• _INSTRUCTIONS FOR THE TASK_
Below are records with pictures. Reproduce exactly the lines from the line with "Wie der Name" to the line with "12月24日,中证500增强", inclusive, and leave each picture out.

Dataset entries:

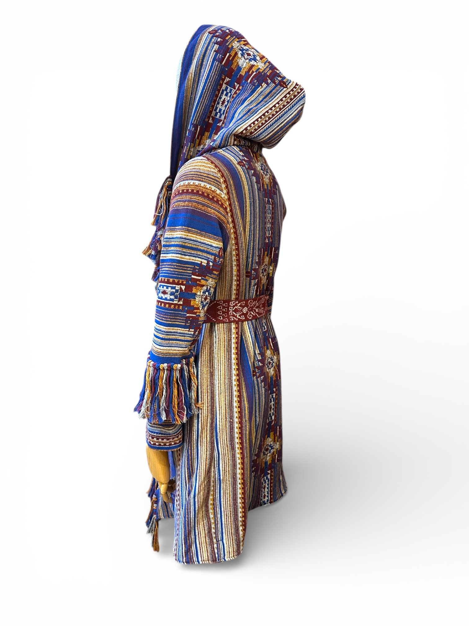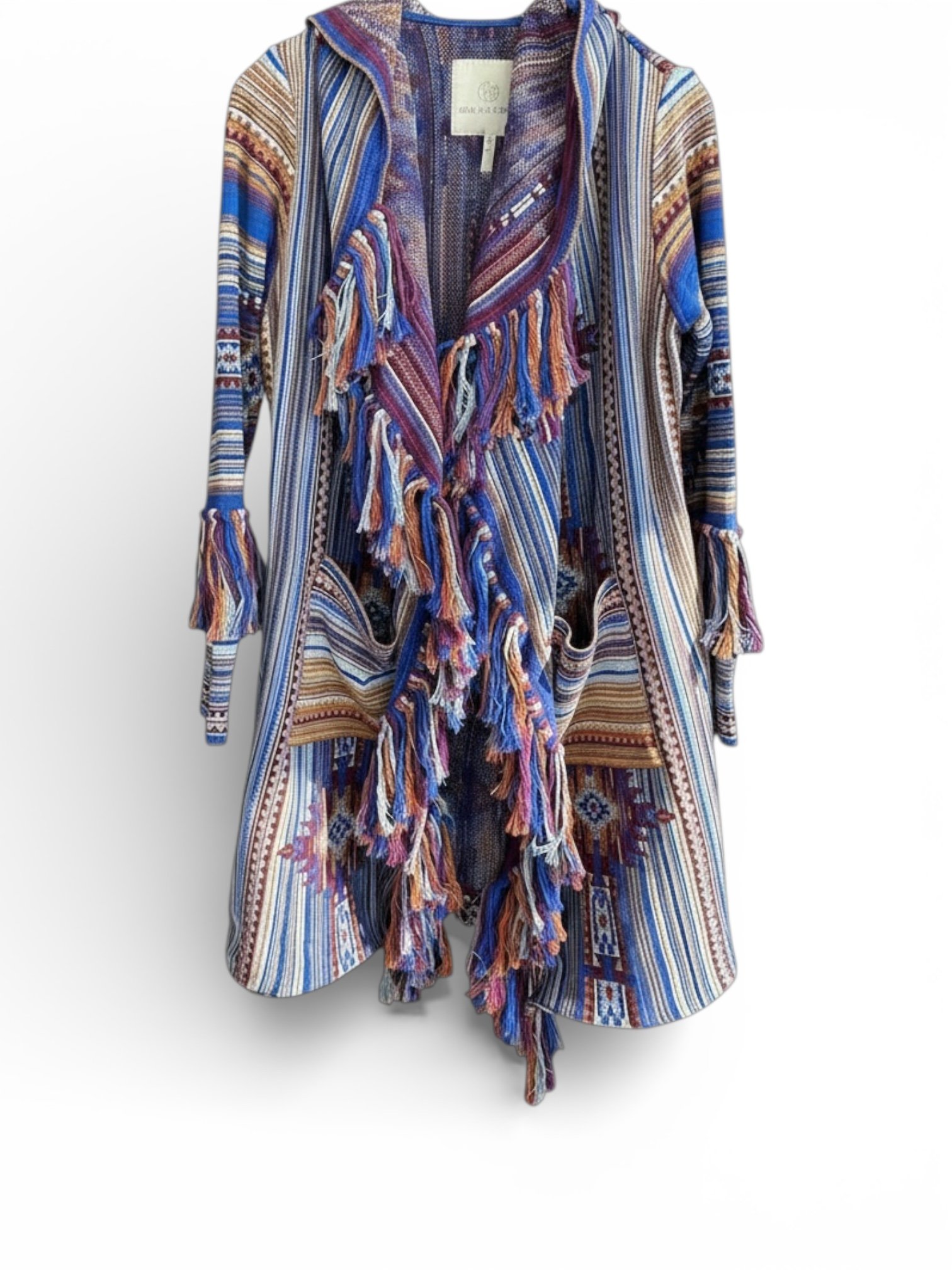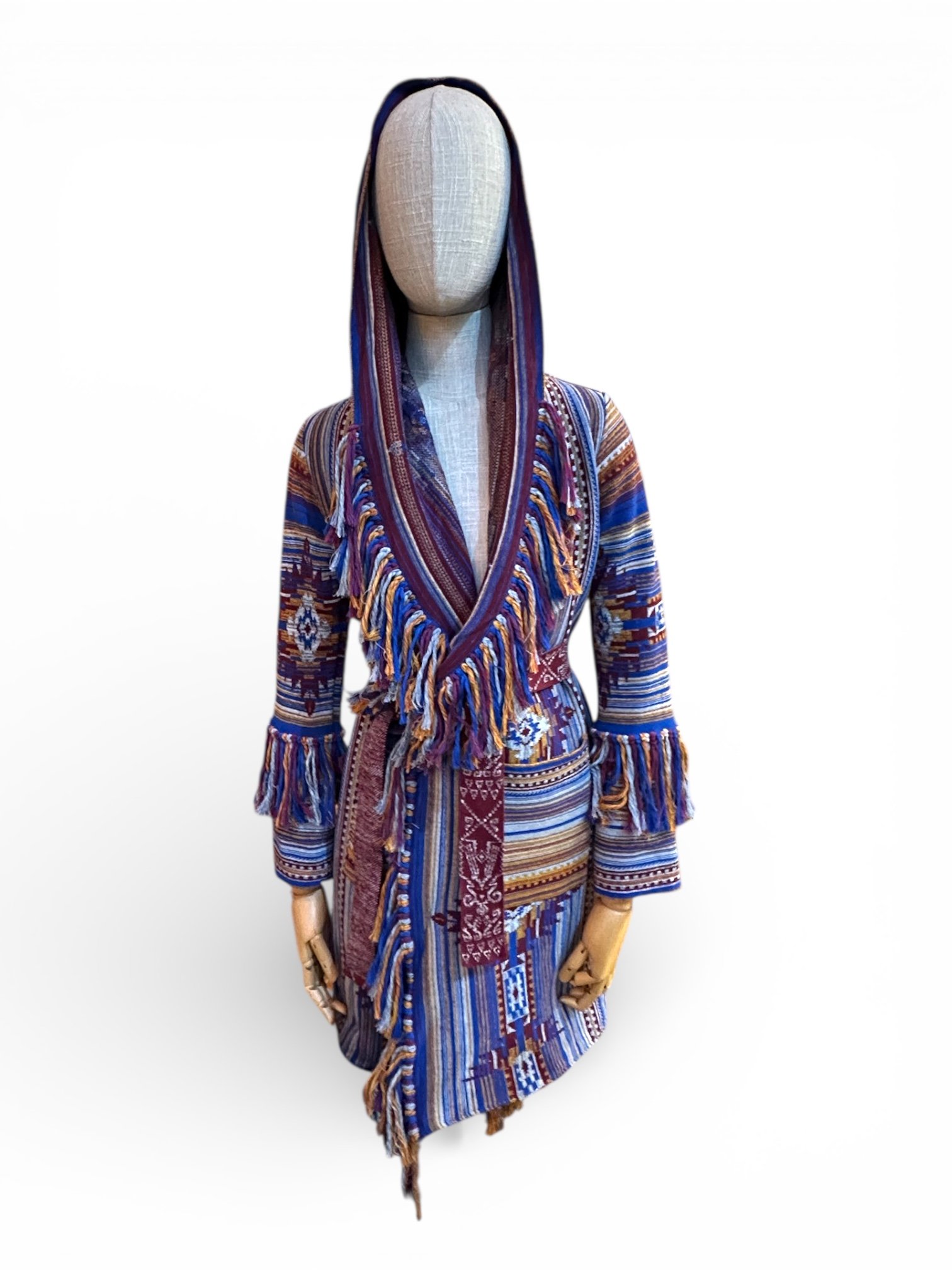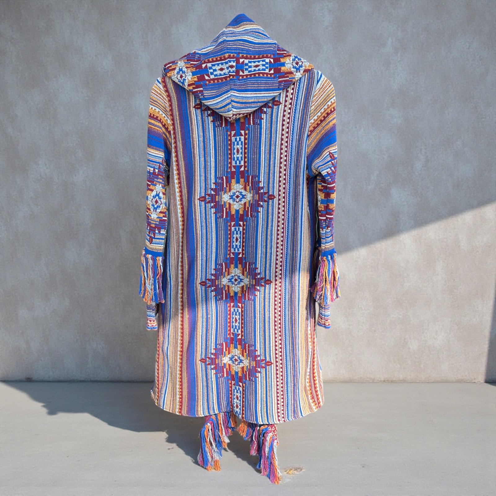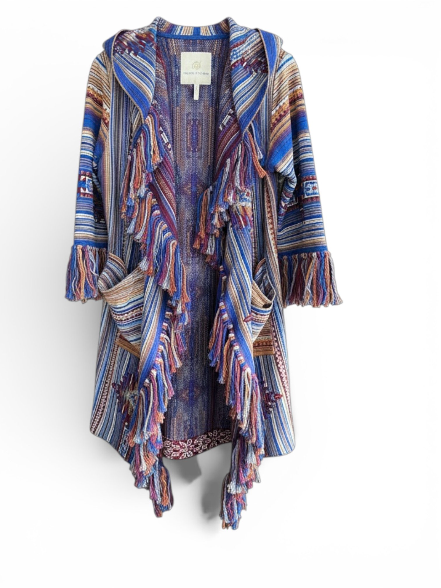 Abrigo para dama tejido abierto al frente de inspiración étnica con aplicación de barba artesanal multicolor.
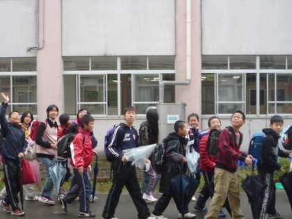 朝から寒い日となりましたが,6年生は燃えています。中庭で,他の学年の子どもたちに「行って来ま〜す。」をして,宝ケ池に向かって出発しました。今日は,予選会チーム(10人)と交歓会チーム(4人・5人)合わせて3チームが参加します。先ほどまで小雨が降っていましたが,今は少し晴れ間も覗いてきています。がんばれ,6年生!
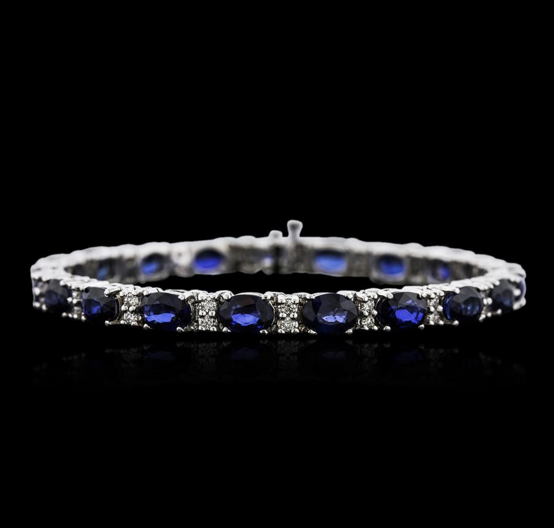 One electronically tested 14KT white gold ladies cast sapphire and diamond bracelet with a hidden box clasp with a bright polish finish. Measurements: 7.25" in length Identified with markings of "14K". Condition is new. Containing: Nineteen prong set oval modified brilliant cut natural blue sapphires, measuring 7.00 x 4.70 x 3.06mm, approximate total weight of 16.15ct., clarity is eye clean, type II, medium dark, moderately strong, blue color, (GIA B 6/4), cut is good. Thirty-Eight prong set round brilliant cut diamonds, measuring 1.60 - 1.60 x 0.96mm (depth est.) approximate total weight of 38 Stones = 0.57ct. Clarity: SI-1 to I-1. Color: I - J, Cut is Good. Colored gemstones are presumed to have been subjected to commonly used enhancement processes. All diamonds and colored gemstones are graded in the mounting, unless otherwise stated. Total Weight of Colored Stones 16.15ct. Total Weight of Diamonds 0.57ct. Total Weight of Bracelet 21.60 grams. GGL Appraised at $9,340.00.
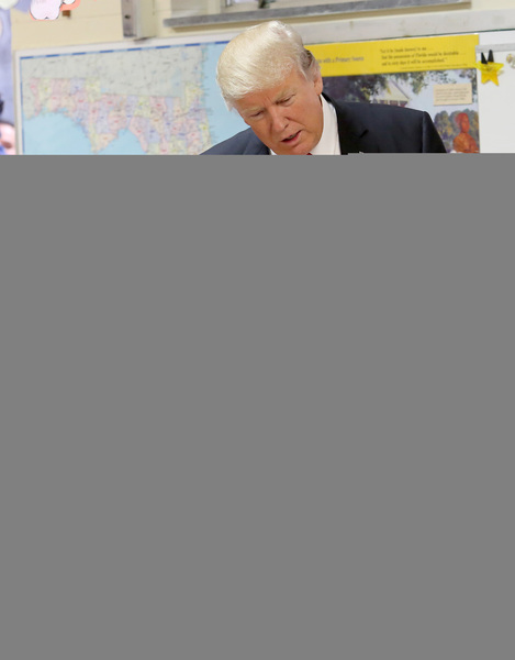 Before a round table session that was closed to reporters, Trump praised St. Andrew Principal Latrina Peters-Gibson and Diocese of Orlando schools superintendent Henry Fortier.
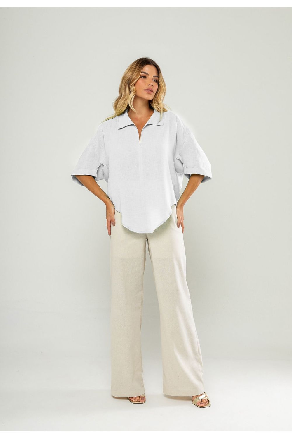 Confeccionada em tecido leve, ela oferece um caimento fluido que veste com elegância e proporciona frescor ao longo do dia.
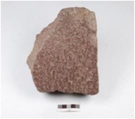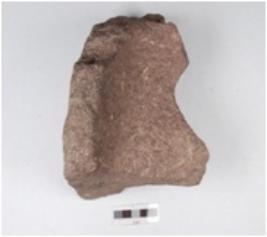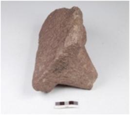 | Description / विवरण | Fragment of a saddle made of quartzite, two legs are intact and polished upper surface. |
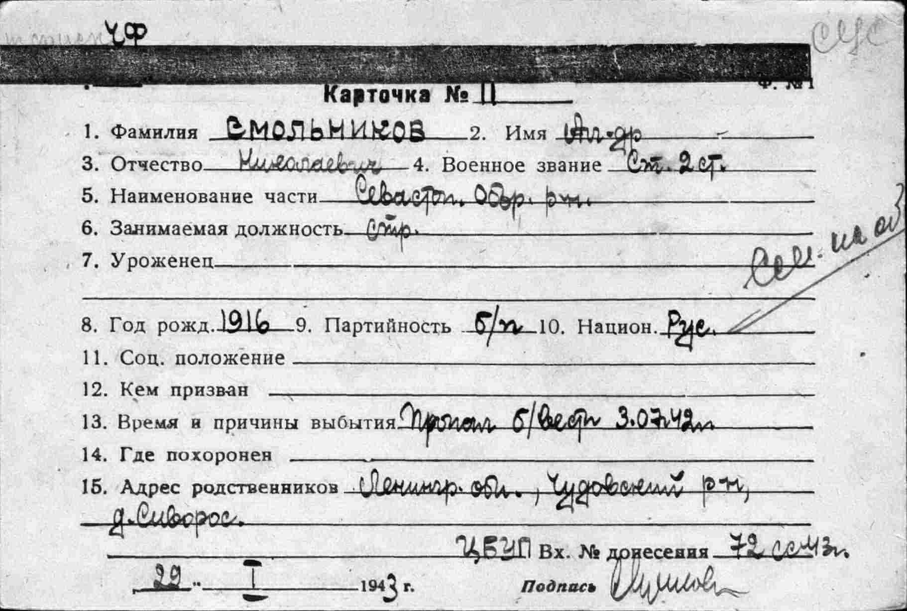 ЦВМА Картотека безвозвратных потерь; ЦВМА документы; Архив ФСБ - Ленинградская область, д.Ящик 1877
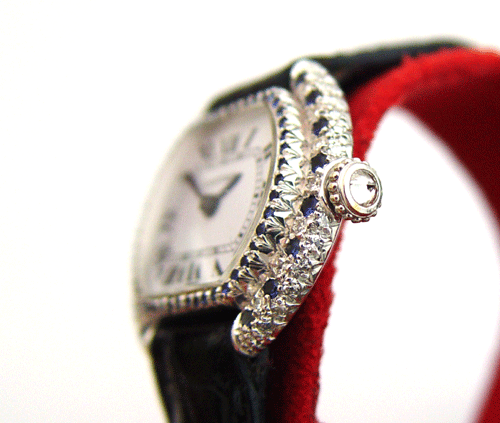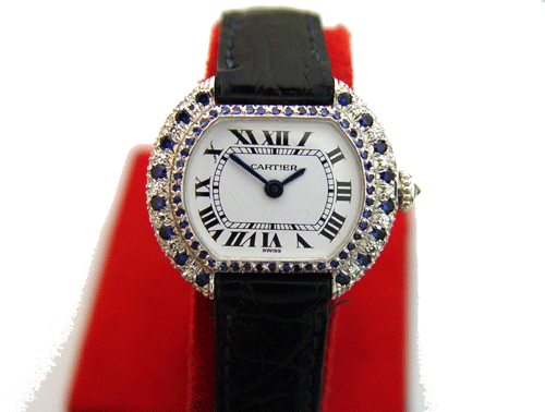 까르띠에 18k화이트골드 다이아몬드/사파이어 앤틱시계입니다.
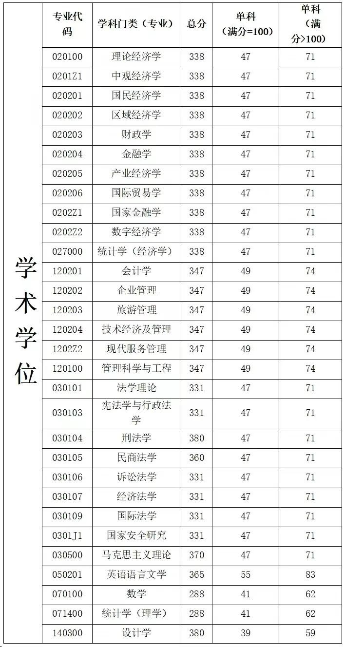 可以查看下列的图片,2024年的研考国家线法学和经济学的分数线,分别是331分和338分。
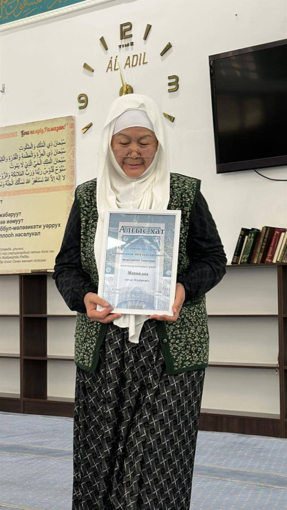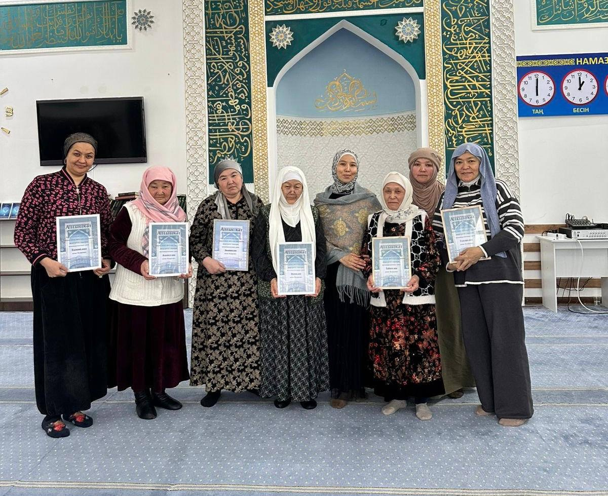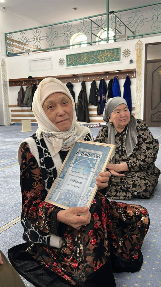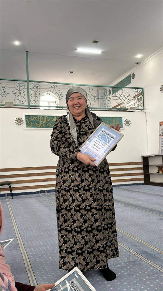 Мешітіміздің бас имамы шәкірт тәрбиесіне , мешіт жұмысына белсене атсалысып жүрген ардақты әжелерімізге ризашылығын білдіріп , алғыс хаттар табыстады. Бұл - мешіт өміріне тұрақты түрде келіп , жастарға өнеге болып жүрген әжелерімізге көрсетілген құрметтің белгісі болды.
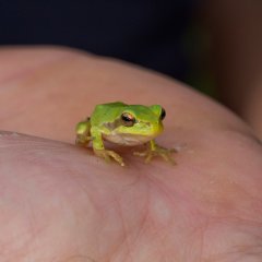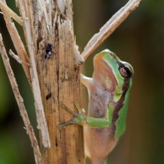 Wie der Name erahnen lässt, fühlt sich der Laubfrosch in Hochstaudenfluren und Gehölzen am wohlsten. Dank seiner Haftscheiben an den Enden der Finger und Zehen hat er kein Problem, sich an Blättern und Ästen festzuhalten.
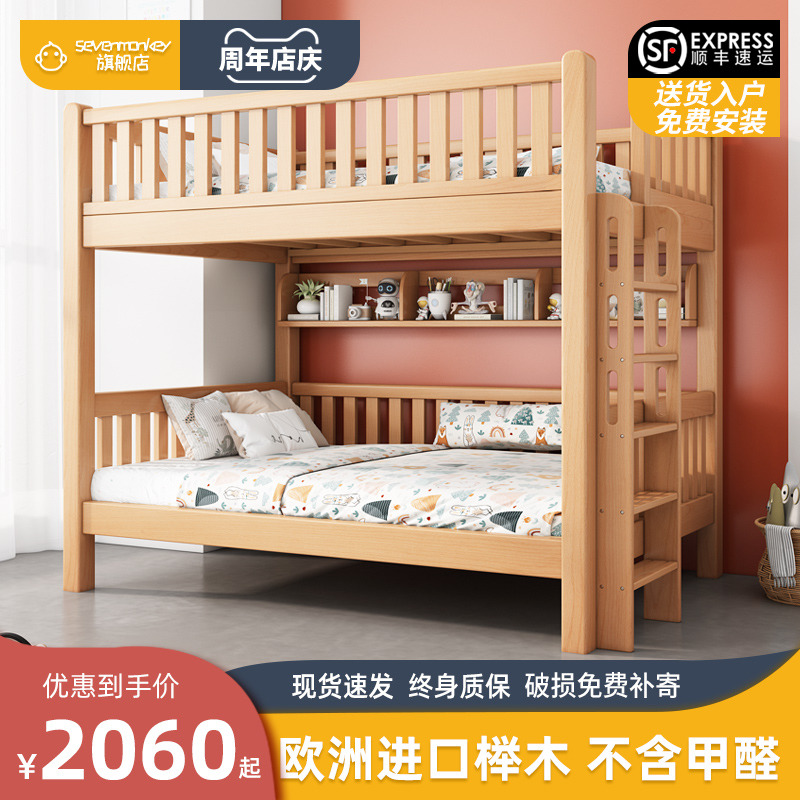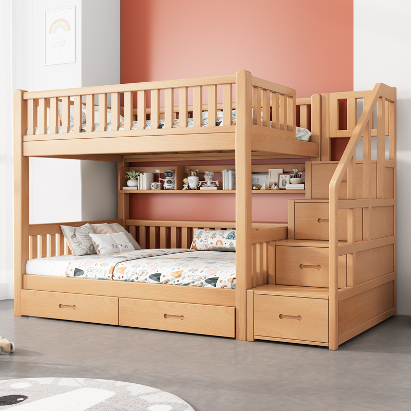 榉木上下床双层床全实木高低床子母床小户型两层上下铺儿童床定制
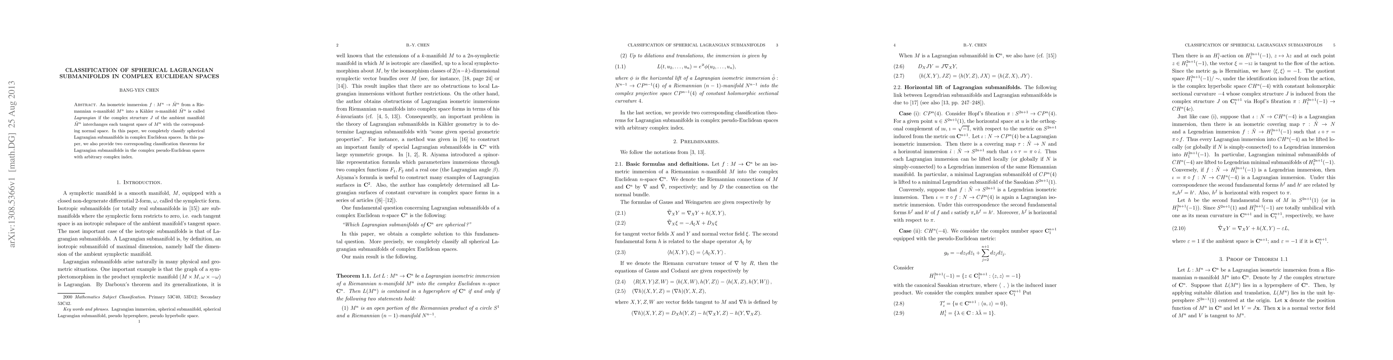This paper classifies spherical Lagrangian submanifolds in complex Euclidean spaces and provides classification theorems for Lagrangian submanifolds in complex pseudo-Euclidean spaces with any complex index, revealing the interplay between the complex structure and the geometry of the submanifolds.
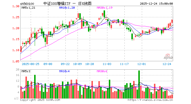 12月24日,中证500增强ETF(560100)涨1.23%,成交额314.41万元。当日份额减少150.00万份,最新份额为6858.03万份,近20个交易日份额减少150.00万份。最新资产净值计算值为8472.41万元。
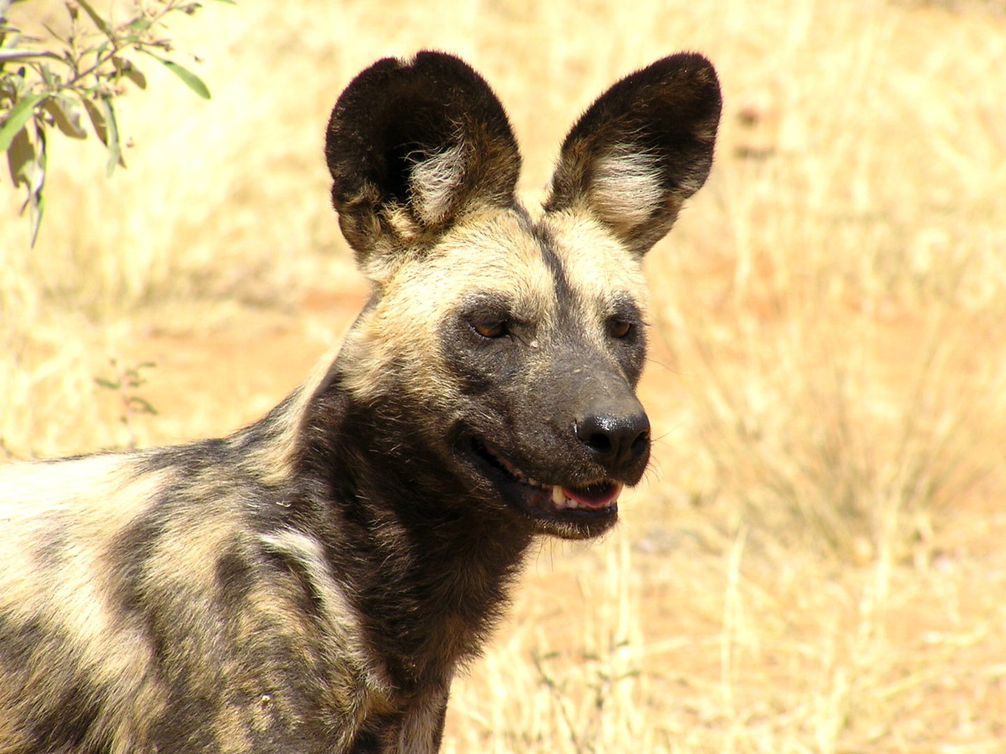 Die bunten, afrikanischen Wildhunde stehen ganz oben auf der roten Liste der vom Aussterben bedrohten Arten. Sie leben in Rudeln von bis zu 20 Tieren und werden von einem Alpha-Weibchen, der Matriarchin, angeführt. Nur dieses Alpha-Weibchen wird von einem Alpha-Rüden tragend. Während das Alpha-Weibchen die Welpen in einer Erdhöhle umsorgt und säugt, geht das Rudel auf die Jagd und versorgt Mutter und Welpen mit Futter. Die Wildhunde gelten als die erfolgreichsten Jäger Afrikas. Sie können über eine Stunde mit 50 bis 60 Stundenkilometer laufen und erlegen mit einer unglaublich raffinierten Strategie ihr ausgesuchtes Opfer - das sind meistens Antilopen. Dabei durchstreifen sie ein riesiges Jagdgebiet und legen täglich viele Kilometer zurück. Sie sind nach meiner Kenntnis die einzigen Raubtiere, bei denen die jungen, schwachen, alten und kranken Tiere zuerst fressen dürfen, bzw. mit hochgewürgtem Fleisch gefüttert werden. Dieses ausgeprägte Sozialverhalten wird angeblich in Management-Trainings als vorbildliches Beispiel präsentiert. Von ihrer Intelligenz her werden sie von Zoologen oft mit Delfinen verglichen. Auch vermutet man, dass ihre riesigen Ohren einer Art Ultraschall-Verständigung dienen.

• _COMPLETED TASK_
 Wie der Name erahnen lässt, fühlt sich der Laubfrosch in Hochstaudenfluren und Gehölzen am wohlsten. Dank seiner Haftscheiben an den Enden der Finger und Zehen hat er kein Problem, sich an Blättern und Ästen festzuhalten.
 榉木上下床双层床全实木高低床子母床小户型两层上下铺儿童床定制
This paper classifies spherical Lagrangian submanifolds in complex Euclidean spaces and provides classification theorems for Lagrangian submanifolds in complex pseudo-Euclidean spaces with any complex index, revealing the interplay between the complex structure and the geometry of the submanifolds.
 12月24日,中证500增强ETF(560100)涨1.23%,成交额314.41万元。当日份额减少150.00万份,最新份额为6858.03万份,近20个交易日份额减少150.00万份。最新资产净值计算值为8472.41万元。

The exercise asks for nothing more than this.